This salty #tweetorial will pose some questions and explore common pitfalls of using IV fluids “for maintenance.”
Poll: how would you describe dripping 100 mL (a third of a coke can) per hour of NS or LR into a patient who has a heart rate of 100 and a high BUN?
Good choice!

If someone is volume down, give them a bolus.

“Maintenance fluids” are often the wrong choice because they’re not enough.
More often, those MFs are too much.

What’s the harm in a little extra IV fluid, you say? Let’s do some easy math.
Quick background:

Isotonic fluids
- Normal saline: 154 mEq Na, 154 Cl
- Lactated ringers: 130 Na, 110 Cl, 28 lactate, some K and Ca

Hypotonic fluids
- Half/quarter NS: divide above by 2 or 4
- D5W: 50g dextrose (200 calories) per L

Can add dextrose or K to any fluid.
But what’s up with the 0.9% of normal saline? This means 0.9% by mass. As in 9g NaCl per 1000g (1L) water.

100cc/hr NS = 2.4 L/day = 22 grams of IV salt per day. After day. After day.

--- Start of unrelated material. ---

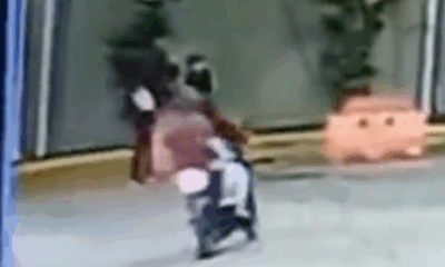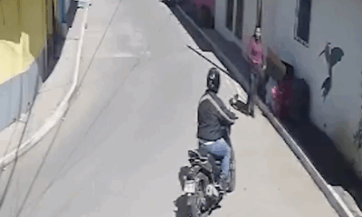 Una cámara de vigilancia grabó el momento en que un hombre que se conducía en motocicleta comete un robo en contra de una mujer que caminaba...

Few hearts/kidneys are healthy enough to handle that.
But we don’t use NS anymore, we’ve been SALT-ED and SMARTed into using LR!

bit.ly/2XFF7AR
bit.ly/2XL1akV

Yep. But as far as salt load and potential for overload, LR is about the same.
Random question.. did anybody here wake up at 3 am last night to eat 6 pickles and drink a liter of regular coke?

Me neither.

We’re all NPO after midnight. Being NPO overnight isn’t a reason to start someone in IV fluids.
Ok fine, there ARE times you need maintenance fluids. If someone’s not gonna be eating/drinking for days (awaiting a PEG over weekend, altered or sedated, refractory nausea, etc), please don’t allow hypernatremia... talk about “not nice.”
But usual insensible losses are not normal saline (or LR)

Breath caries free water
Sweat is ~1/4 normal
Staying alive does cost calories

bit.ly/2YTsj6q

So if it’s those losses we’re maintaining, 1-2L per day of D5-1/4NS or D5–1/2NS +/- some K makes most sense.
By contrast, if someone is having significant diarrhea, their losses may be closer to isotonic, and if they are not keeping up with PO, continuous LR could be reasonable after bolusing to euvolemia.

bit.ly/30wMxU4
P.S. Thanks to our med-peds residents, I’ve seen the data that isotonic MF in kids cause less hypoNa. Makes sense, sick folks make ADH. But the hypoNa is rare, and in adults, I see volume OD from fluids >10x as often as hypoNa. So my default remains hypotonic.
Last poll: (Note - I would call this a scenario about replacement fluids, not maintenance)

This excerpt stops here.